Chapter 4 Updates to the Law

Privity
Untitled Document

Chapter 4: Privity

 

4.1.6.2. Damages for the loss of the third party

p. 187-188 on the Albazero exception
In Swynson Ltd v Lowick Rose LLP [2017] UKSC 32, the Supreme Court clarified the scope of the narrower Albazero exception and the broad ground in Alfred McAlpine v Panatown [2001] 1 AC 518.  In 2006, S had lent money to another company (E), relying on a negligent due diligence report prepared by the accountants. E experienced financial difficulties. S lent more money in 2007, and again in 2008. S's owner H later undertook a refinancing exercise.

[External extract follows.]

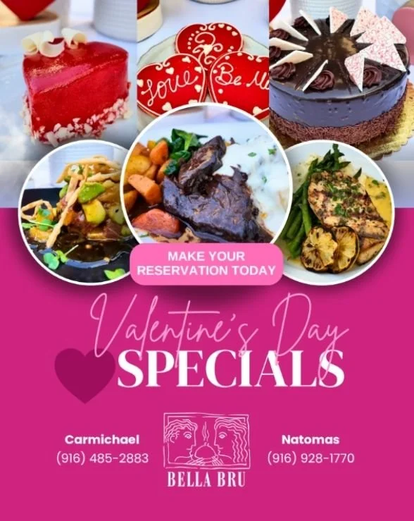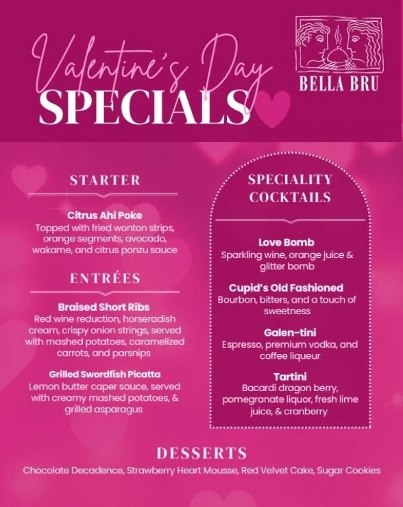 Celebrate Valentine’s Day at Bella Bru Cafe with handcrafted specials made to impress. Indulge in decadent desserts like our Chocolate Decadence or Red Velvet whole cakes, heart-shaped Strawberry or Brandy Chocolate Mousse, and festive sugar cookies. Enjoy fresh, locally inspired dishes like our Citrus Ahi Poke or Grilled Swordfish with lemon caper sauce, creamy mashed potatoes, and grilled asparagus, and MORE! Toast to the night with romantic cocktails like the Love Bomb mimosa, Tartini, or Galen-tini espresso martini.

He supplied funds to E, which repaid the 2006 and 2007 loans to S, leaving only the 2008 loan outstanding. The monies H had supplied to E were now due to him personally. Neither the 2008 loan nor the refinancing loan was repaid. Can S sue the accountant to recover H’s loss?
Lord Sumption (with whom Lord Neuberger, Lord Clarke and Lord Hodge agreed) held that: the principle of transferred loss had previously been recognised only where a promisee suffered loss as the intended transferee of property affected by the breach. There was much to be said for it not to be limited to cases where the loss related to transferred property. However, the principle could not apply:

  • on the narrow ground of Albazero as H did not suffer loss ‘in his capacity as owner of property’ or because S did not contract with the accountant on behalf of H; nor
  • on the broader ground as it was no ‘part of the object of the contract to benefit H.

H’s loss arose out of the refinancing, which had nothing to do with the accountants and did not arise out of their breach. Moreover, H has a direct right of action to recover the loan. Lord Sumption said, at [16]:

‘… the principle of transferred loss, whether in its broader or narrower form, is an exception to a fundamental principle of the law of obligations and not an alternative to that principle. All of the modern case law on the subject emphasises that it is driven by legal necessity. It is therefore an essential feature of the principle that the recognition of a right in the contracting party to recover the third party's loss should be necessary to give effect to the object of the transaction and to avoid a "legal black hole", in which in the anticipated course of events the only party entitled to recover would be different from the only party which could be treated as suffering loss …. That is why… it is not available if the third party has a direct right of action for the same loss, on whatever basis.’